I have a hundred or so tables I want to CDC...
It is a tempting idea as it makes the solution simpler, but it does have two drawbacks:
-
You'll lose the natural order of the events. From my experiments I find that changes get written to the CDC tables in batches, losing the true total ordering of the transaction log. I did an experiment with triggers and find that also, each batch gets written in reverse order. You could try to reorder the changes in a database query but that could prove difficult.
-
With CDC enabled we are already adding extra load on the server. Each write ends up written again to a CDC table. This trigger technique involves another write again and in JSON format potentially increasing overall write load dramatically.
If you experiment with the trigger idea let me know how it goes.

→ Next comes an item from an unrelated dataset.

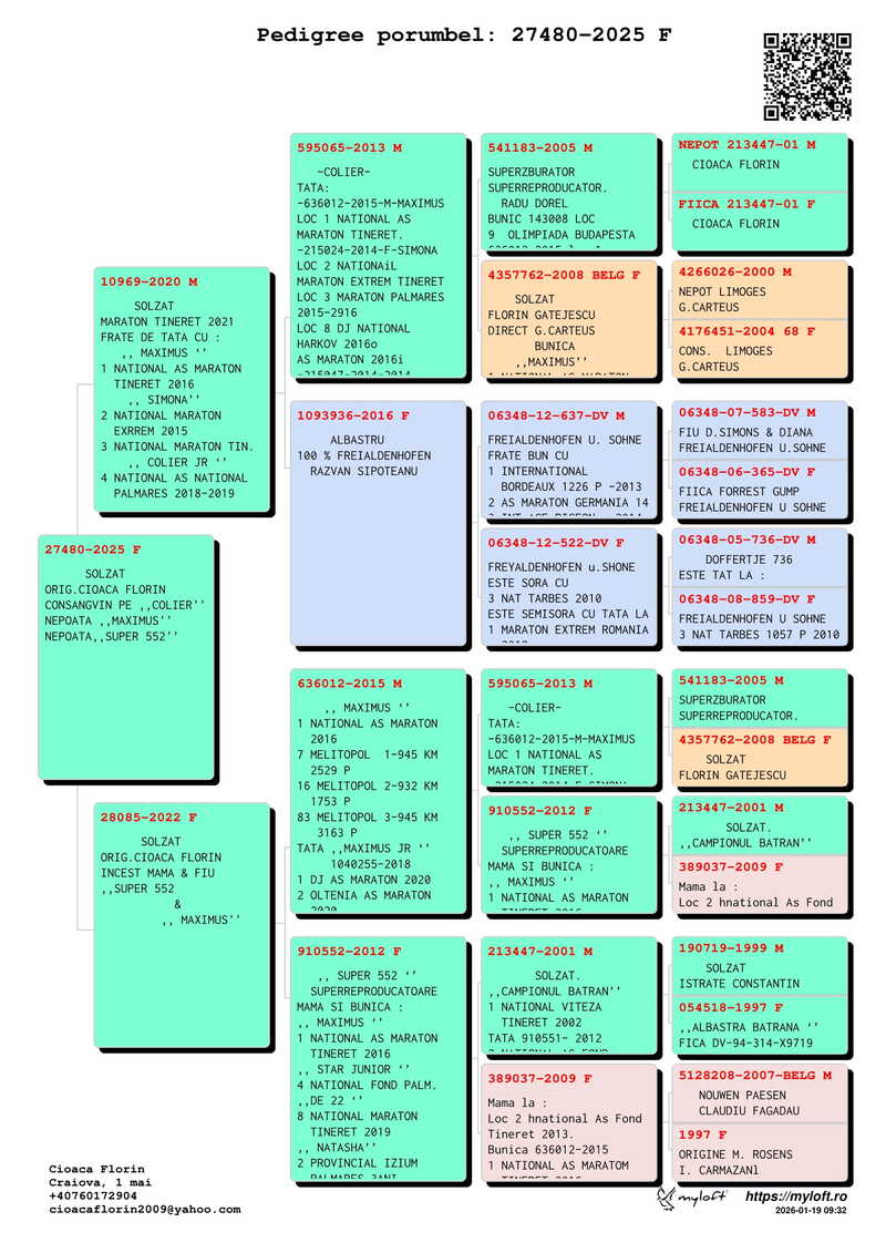 Throughout his career, Cioacă Florin has achieved an impressive series of titles and top rankings, both individually and as a breeder. Among his accomplishments are his participation in the National Olympic Team (Category E Marathon, 2014) and his 9th place at the Pigeon Olympiad in Budapest (2015) – results that place him among the world’s pigeon racing elite. Furthermore, numerous titles such as National Marathon Palmares, National Youth Fund, and National Ace Marathon, along with consistent Top 10 National placements, confirm the consistency and quality of his racing line.

It's a shame that microsoft don't make available a better programmatic interface to the transaction log - then one could roll one's own cdc system.
I've never used them, but products such as Attunity and Debezium read the transaction log directly, they might offer some functionality that you need.

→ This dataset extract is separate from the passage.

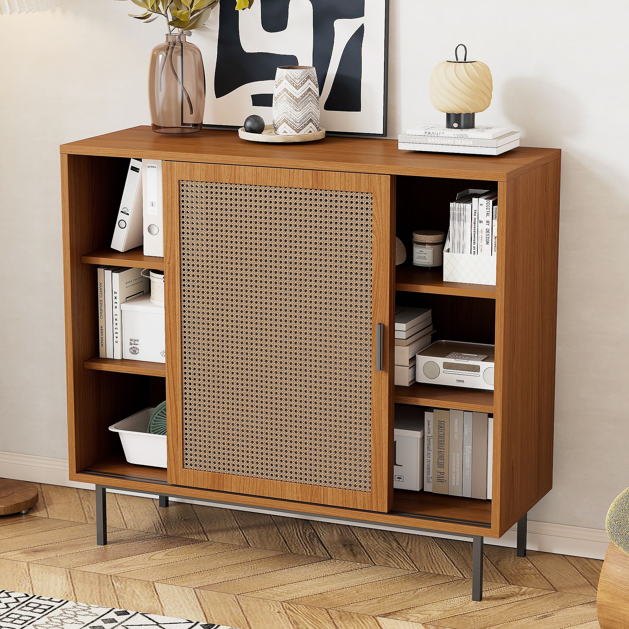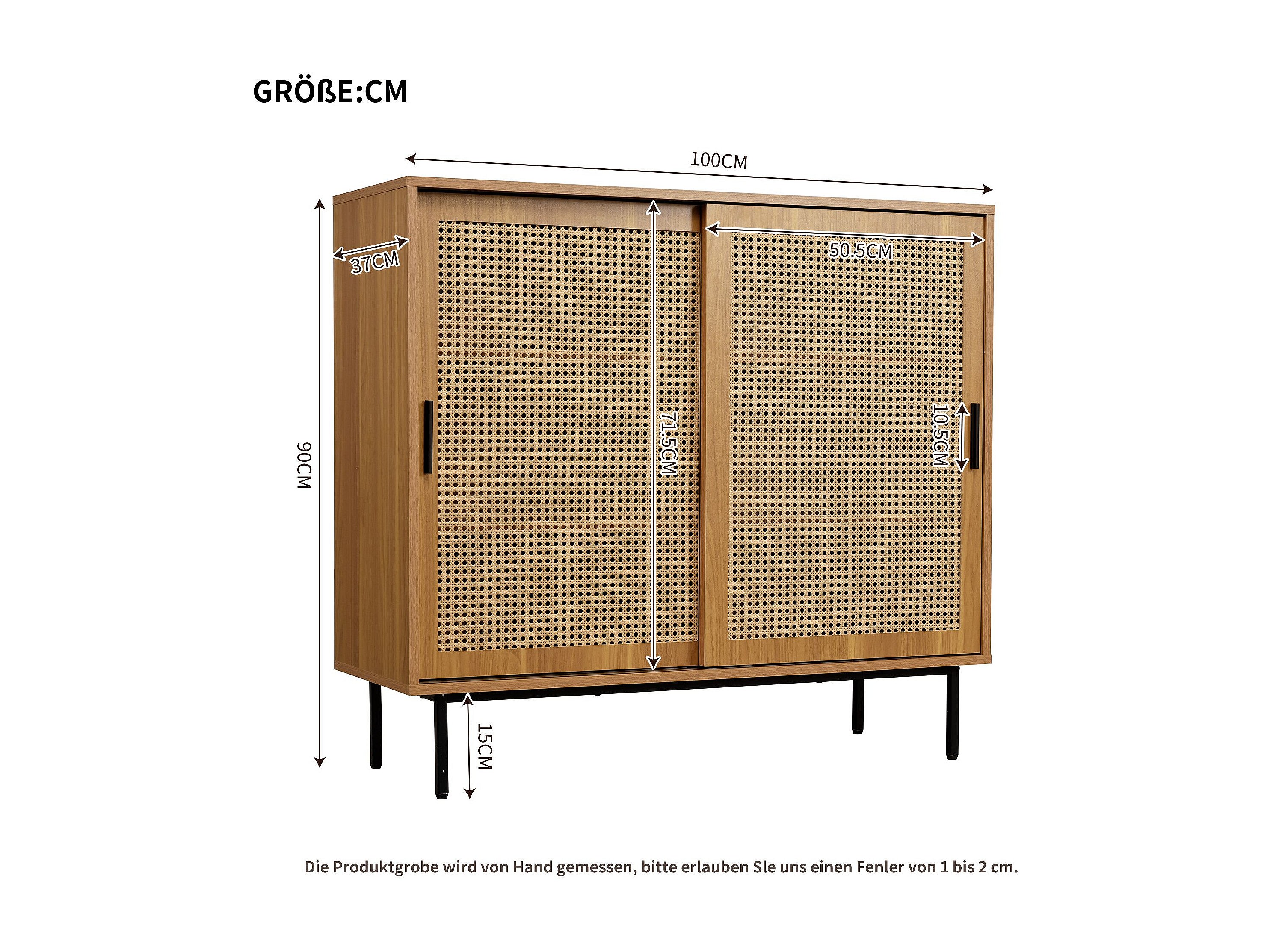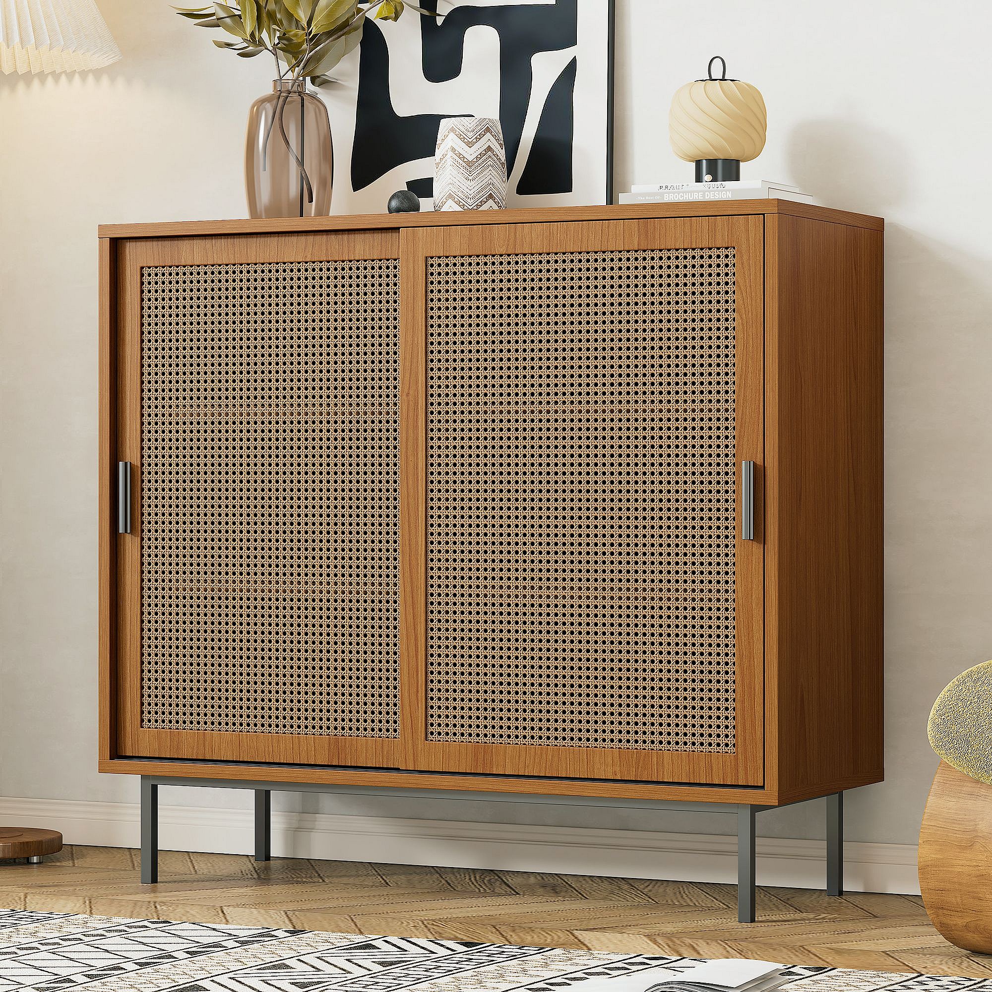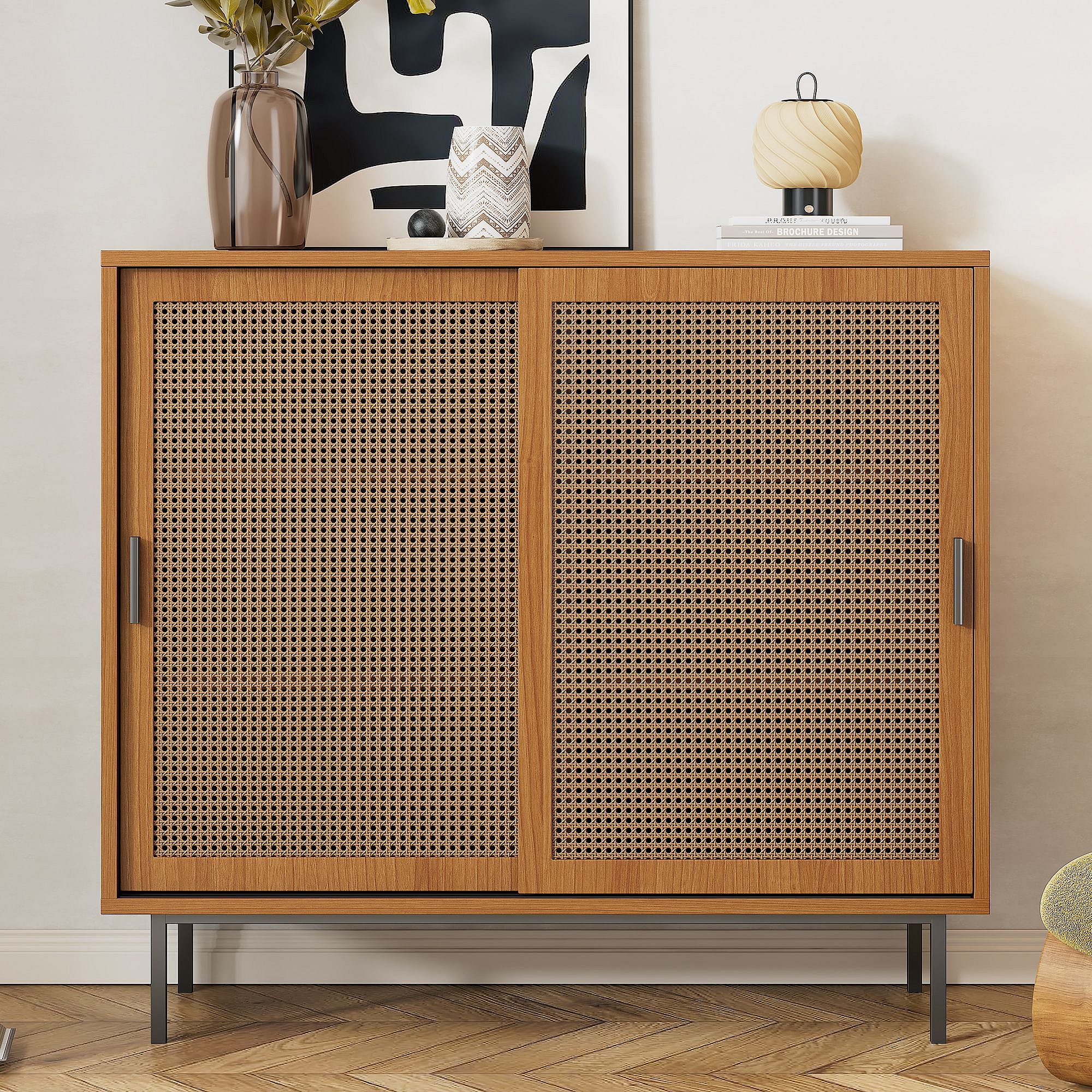 Credenza naturale con 2 ante in rattan e ripiani regolabili - maniglie e gambe nere

I've made a bit of progress - and have implemented an app to stream cdc using node js.
I'll put it on github and link you to it but essentially..
1) maxLsn = getMaxLsn
2) if maxLsn has changed from last time
3) for all tables - get changes between last lsn obtained for that table and maxLsn
4) now we can publish changes + we can order them across all tables
5) store the latest lsn and seqval obtained for each table
6) go back to 1)
There are two improvements..
- when there are no changes all we do is step 1) so hardly any impact on database.
- in step 4) we have all the changes for all the tables up to maxLsn - s we can order them and send them to a single topic - or send them related to maxLsn - and also send maxLsn event - so we could order them on kafka.
This is it.. https://github.com/gilesbradshaw/node-mssql-cdc-kafka
It's not currently ordering across tables - but the publish step could..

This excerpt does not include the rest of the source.